What does each stage of cancer mean?

What does each stage of cancer mean?

When someone is diagnosed with cancer, you almost always hear a number associated with their diagnosis. “It’s stage two,” or “she has stage three cancer.” But what exactly does the stage mean for the patient and their prognosis? To fully understand the stages of cancer, it helps to know the answers to these three questions.

1. How is a cancer stage determined?

Every type of cancer has a unique staging system, but in general, staging is correlated with how advanced the cancer is. According to the National Cancer Institute, the five stages of cancer range from zero to four and are defined as:

  • Stage 0: Abnormal cells are present but have not spread to nearby tissue. Also called carcinoma in situ, or CIS. CIS is not cancer, but it may become cancer.
  • Stage 1, 2 or 3: Cancer is present. The higher the number, the larger the cancer tumor and the more it has spread into nearby tissues.
  • Stage 4: The cancer has spread to distant parts of the body.
2. Why is knowing the stage important?

Understanding the specific cancer stage helps inform physicians about the prognosis. It is also one of the factors doctors use when determining the best treatment for the patient.

3. Does the stage determine the prognosis and treatment?

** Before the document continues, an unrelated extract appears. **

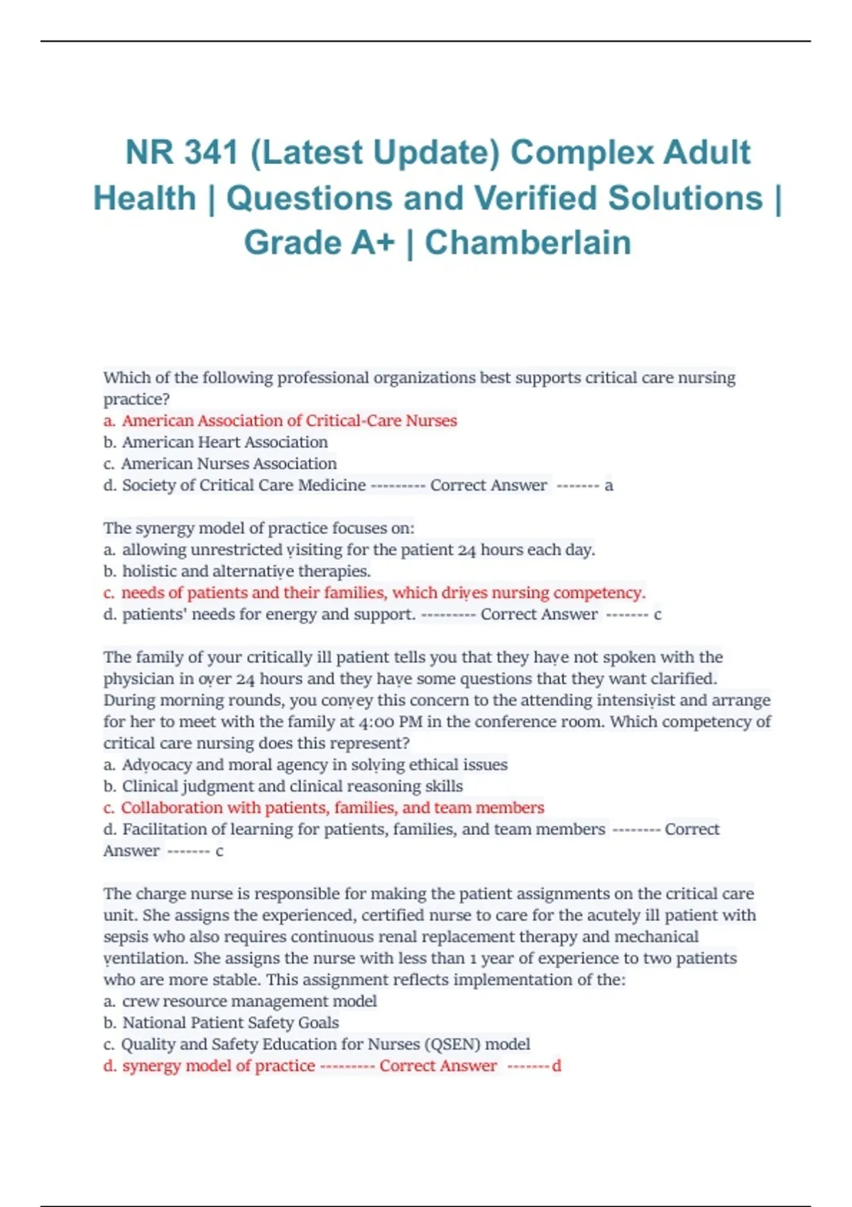 d. Society of Critical Care Medicine --------- Correct Answer ------- a

Knowing the stage of cancer does not alone determine the treatment or prognosis, according to Dr. Jason Macklis, an oncologist and hematologist at Advocate Health Care. “While cancer stage is still very important, it is also important to know that it is just one of many factors that impacts prognosis and treatment,” he says.

Cancer research is constantly evolving and changing with new possibilities and treatments.

“Today, we are looking at the genetics of the cancer cells using tools like next generation sequencing to find changes in the DNA (mutations) for which targeted therapies may be available. We also are looking at protein expression within cancer cells to predict whether a cancer may respond to immunotherapies,” Dr. Macklis says. “This allows our patients to be offered the latest in emerging cancer therapies, and as a result, our patients are doing better with far less toxicity than ever before. The end result is more hope and a better future for many of our patients.”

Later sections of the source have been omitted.